February 15, 2014
Most of us are pretty worn out from one of the coldest and snowiest winters. In fact, this winter is on a path that could well make it the coldest winter on record. Being house bound one tends to dream of warm weather with nature in full bloom.
Longing for warmer weather I recalled one of my favorite memories of Mother Nature - returning to Illinois 40 years ago and witnessing the abundance of monarch butterflies. Sadly, that experience is becoming more remote as the population of monarch butterflies has been drastically reduced over the years.

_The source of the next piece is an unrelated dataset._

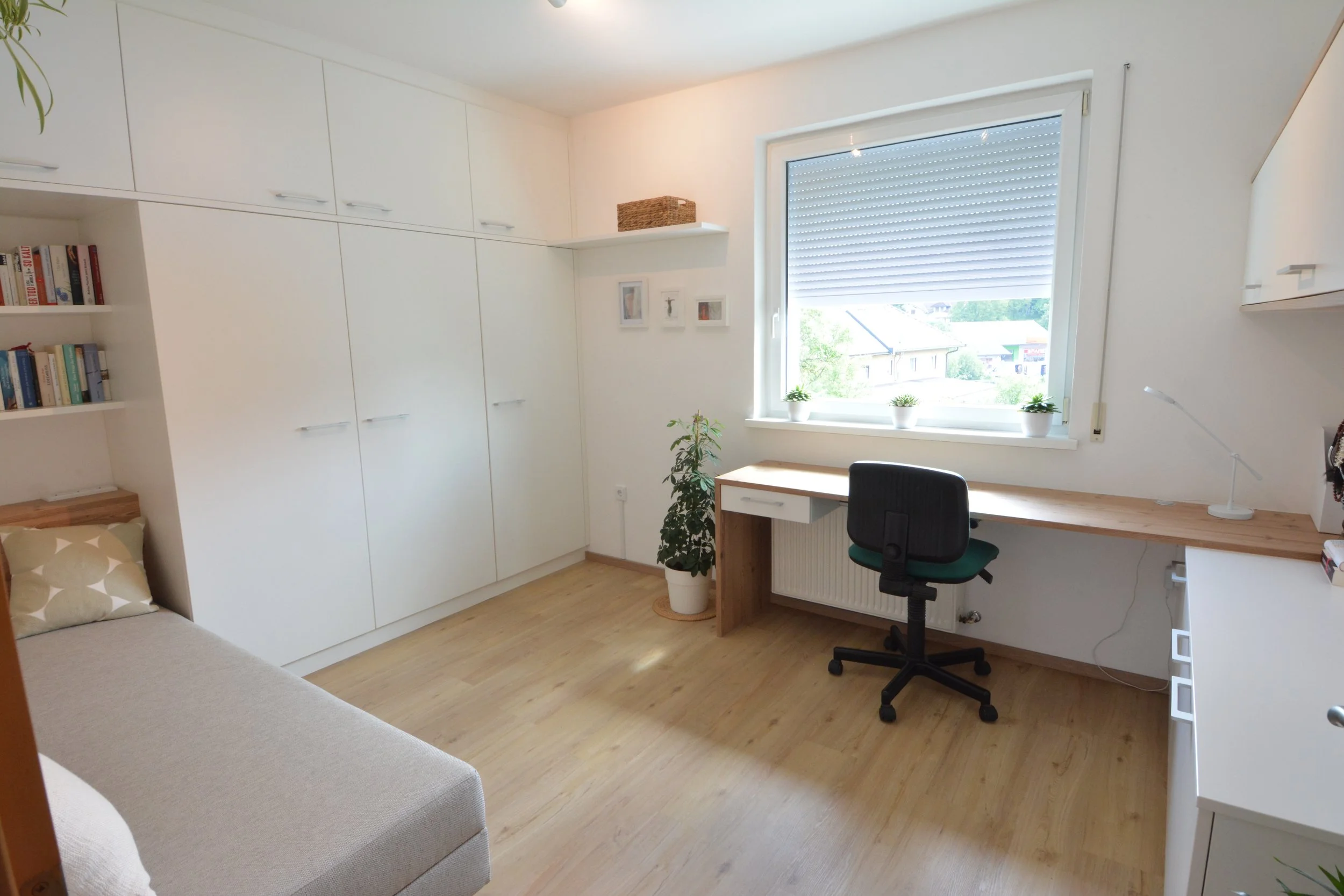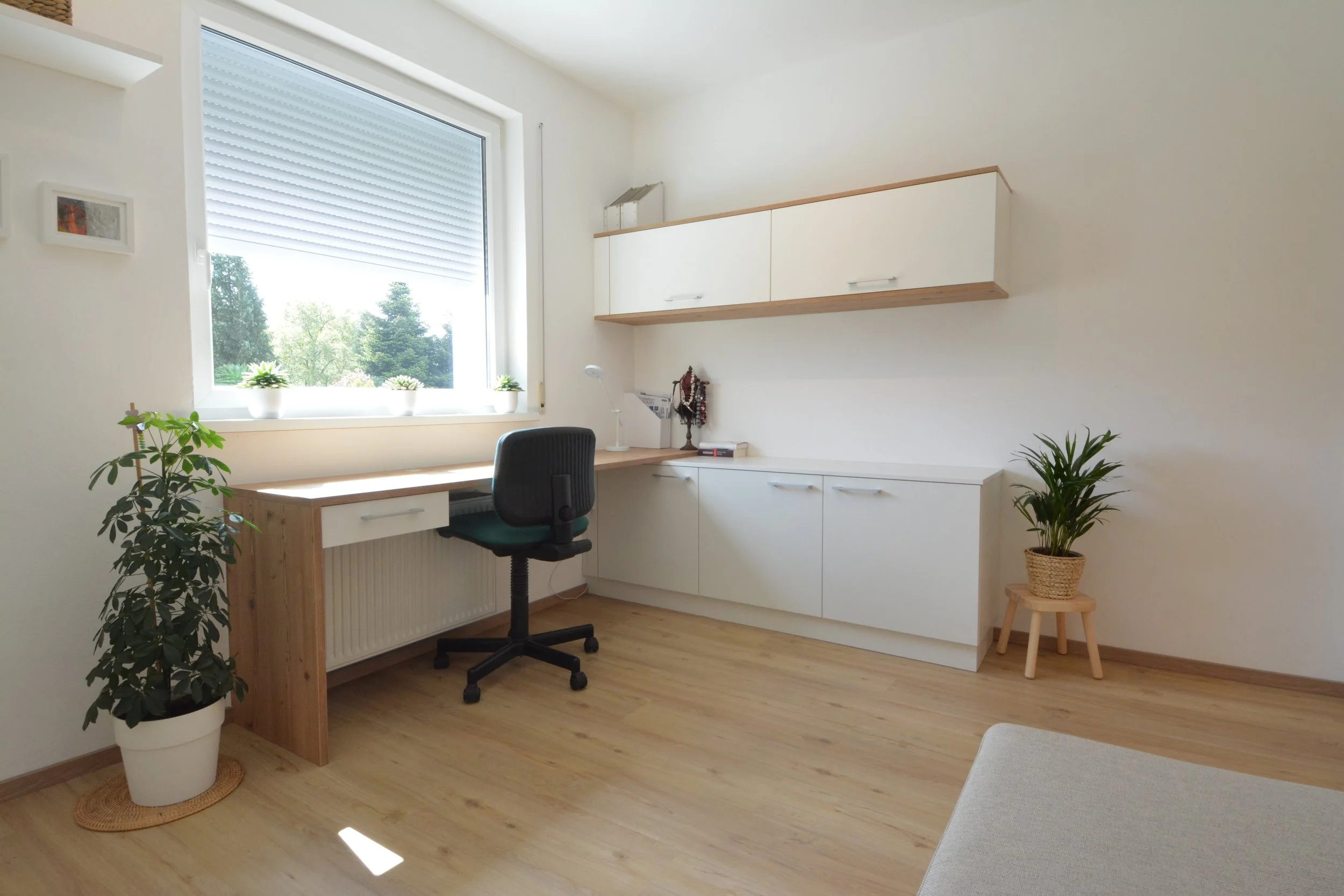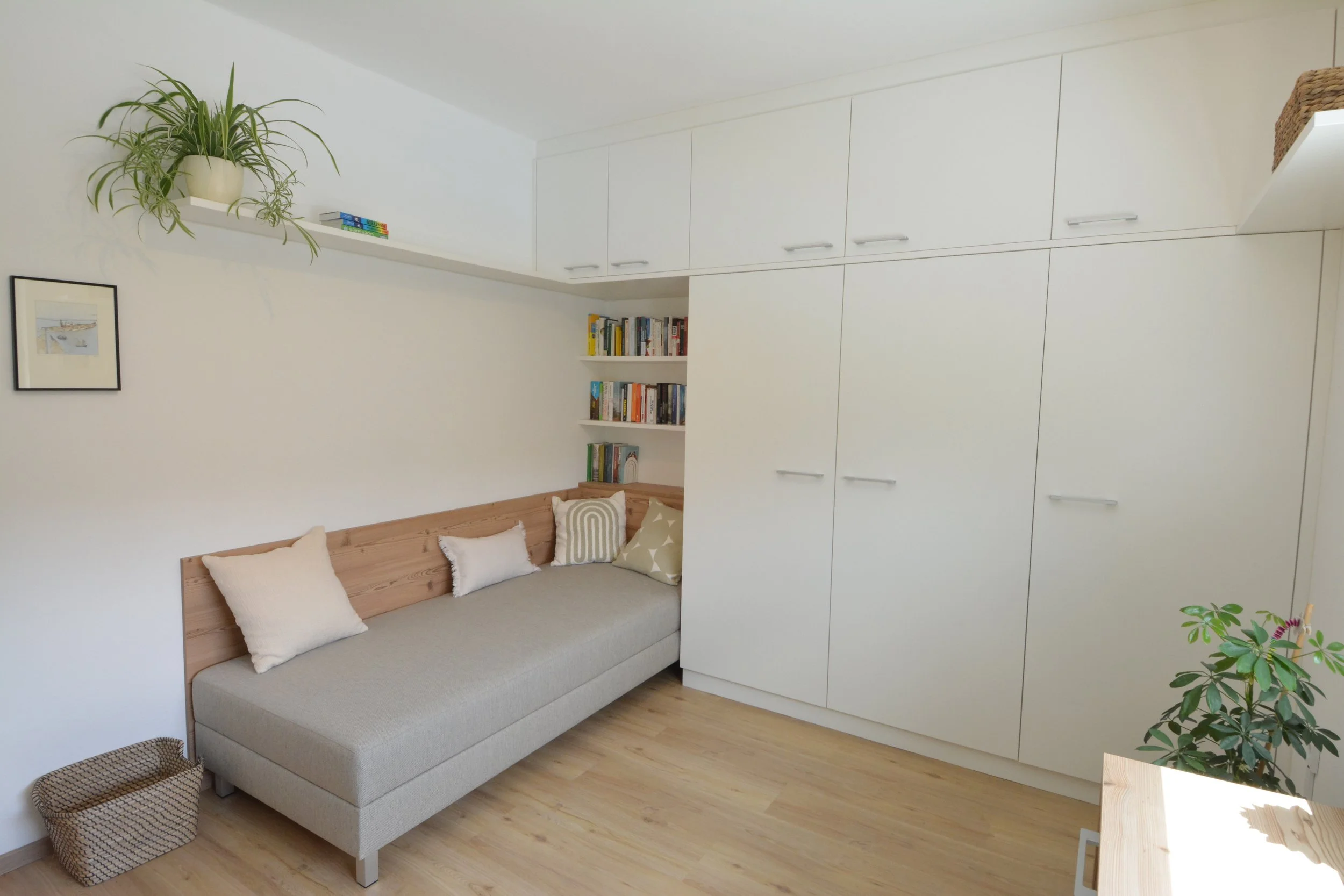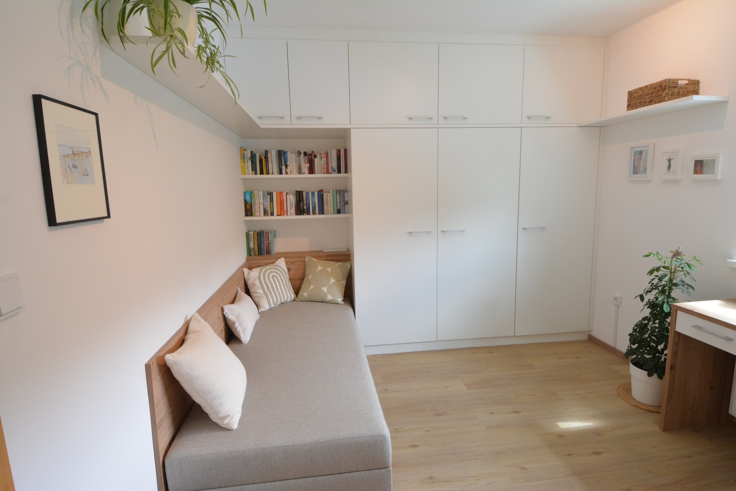 Ein ehemaliges Kinderzimmer wurde umfunktioniert zu einem gemütlichen Rückzugsort mit einem kleinen Bürobereich und viel Stauraum für Bücher, Kleidung,…

Another lost experience is seeing honey run down the bark of the catalpa tree next to my house from the bee hive high in the tree. Those bees are long gone. There is much evidence that the bee die off is due to chemicals used on our crops. Researchers are working on that issue but don't expect the cessation of chemical use.
We do know, however, why there is a reduction of monarch butterflies and that is the loss of a plant from which they receive nourishment, namely the lowly milkweed, which has been chemically and physically eliminated from the countryside. Monarch caterpillars rely almost entirely on the milkweed to receive their nourishment. However, due to herbicide use, the mowing of roadsides and the loss of pasture land in the Midwest, its population has diminished considerably.
One of my saddest experiences of living in the Minonk area is to see the loss of habitat for wildlife. When I was young, the countryside had hedge rows lining every field, clover fields for hay, pasture land for cattle, fence rows, orchards and gardens. Almost all of that is gone now, including the habitat for milkweeds to grow - the result of converting to chemical farming on a big scale which resulted in the loss of that habitat.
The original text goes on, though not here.